音楽とわたし 現代における ″生ライブ″ 考
大槻ケンヂさん
これを書いているのが2020年6月5日である。東京アラートが発令中。いつ再自粛要請が出てもおかしくない状態だ。もちろん生でライブはできない。僕の場合、今年2月後半から現在まで10本以上のライブが中止か延期になった。無観客配信ライブを2本行った。今後も生でライブをやるメドはたっていない。この先もし仮に対コロナワクチンが完成しないなどということがあったなら、2度と生ライブは不可能なのかも知れない......。
それでも生でライブをやりたい。だって、あの身と心をゆさぶる激しい振動の共有は生ライブでないと起こり得ないものだから。どうすれば生でライブがやれるのか? 考えてみた。
1.アリ・ペールワン方式
その昔アントニオ猪木がパキスタンの英雄アクラム・ペールワンと対戦した時、野外会場は人であふれ返り、遠い丘の上にも人がいて観ていたという。プロレスのかわりにライブをやって、はるか遠方から観てもらうというソーシャルディスタンス・コンサート方式だ。
2.UMA探索方式
ミュージシャンが山や森に入り、木や岩かげでこっそり歌う。リスナーは方位磁石や双眼鏡を持って彼を捜す。しかし、見つかってしまっては密が発生する可能性が高いから、発見されたと気づいたミュージシャンはサッとまた逃げる。それをリスナーがまた追う。UMA、ツチノコやヒバゴンとそれを追うUMA探索者との関係に近いコンサート方式である。別名・カムイ外伝方式。
3.ノーキャパオーバーライブ方式
とにかく密が発生しなければいいのである。であるなら絶対にキャパを超えないライブをやればよい。つまり、ミュージシャンが自身の人気をキッチリ把握し、その身に合わぬ動員でなければイッパイにならない会場で演奏したらいい。簡単だ、ガラガラにすればいいのだから。たとえば、私はソロの弾き語りで数百人の会場をなんとかイッパイにする自信はある。だが、これを数万人規模にしたならどうか? ハッキリ言って現状では無理だ。

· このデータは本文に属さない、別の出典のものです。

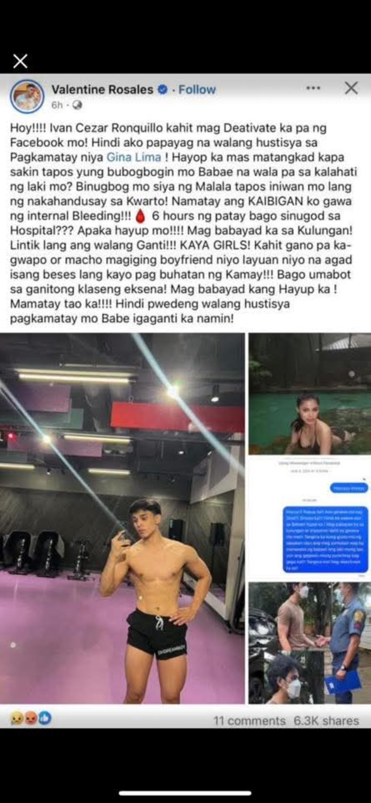 “Hoy!!!! Ivan Cezar Ronquillo kahit mag Deativate ka pa ng Facebook mo! Hindi ako papayag na walang hustisya sa Pagkamatay niya Gina Lima! Hayop ka mas matangkad kapa sakin tapos yung bubogbogin mo Babae na wala pa sa kalahati ng laki mo?” saad ni Valentine sa kaniyang Facebook post, as is published.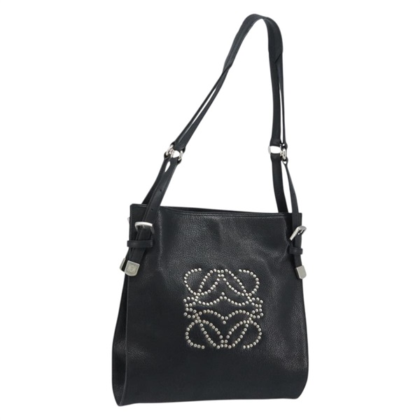 ロエベ LOEWE ショルダーバッグ アナグラム レザー ブラック シルバー レディース 173634V

ムリムリ、入らない入らない。いやしかし、そこを一発ドーン!と東京ドームを押さえちまったらいいんじゃないのか? 残念ながら満員にはほど遠いであろう。ガラガラかもしれない。でも、どうだい? ガラガラなら換気もよくって密にもならない。これだ。全ミュージシャンがノーキャパオーバーライブをやりゃいいのだ。まずは「大槻ケンヂ・ソロ弾き語りat東京DOME」。
どんなでかい会場でも満員になる超人気アーティストはあきらめてください。
4.フジロックパーク方式
残念ながら2020年はフジロックも延期になってしまった。でも私の考えた「フジロックパーク」なら絶対安心。まずリスナーはソーシャルディスタンスを考慮しつつバスに乗っていただく。その車両が何十台も連なってサファリパークに入っていく。サファリのあちこちには象やライオンのかわりにバンドやミュージシャンがいて演奏しているのだ。リスナーを乗せたバスが近づく。「キャー、筋肉少女帯よ!!」「わー! 手を振っているぞー!!」。御安心! バスの窓は特製のガラスでどんな飛沫も防御してくれる。「わー! ストーンズだ!! ローリングストーンズもいるぞー!!」
「〽 本当に本当に本当に本当にストーンズだ~! 近づいちゃって近づいちゃって~ど~し~よ~う~ フ~ジ~ロックパ~ク!!」
CMソングはもちろん、串田アキラさんだ。
そんなことを、ライブの無くなった日々にボンヤリ考えて一人でウフフ、などと笑っている。ああ、早く生でライブがやりたい。
大槻ケンヂ(おおつき・けんぢ)
ミュージシャン、作家、シンガーソングライター 1966年東京都出身。88年にメジャーデビュー。99年筋肉少女帯を脱退し、バンド特撮を結成する。2006年には筋肉少女帯に復帰。そのほかにもユニット・オケミスや弾き語りライブなどの活動も行っている。小説やエッセイ、作詞などの執筆活動、テレビ、ラジオ、映画出演など音楽以外のフィールドでも活躍中。多くの著作もあり、『くるぐる使い』(角川文庫)、短編SF小説『のの子の復讐ジクジク』で2年連続星雲賞を受賞。『グミ・チョコレート・パイン』(角川書店)など映画化された作品も多数ある。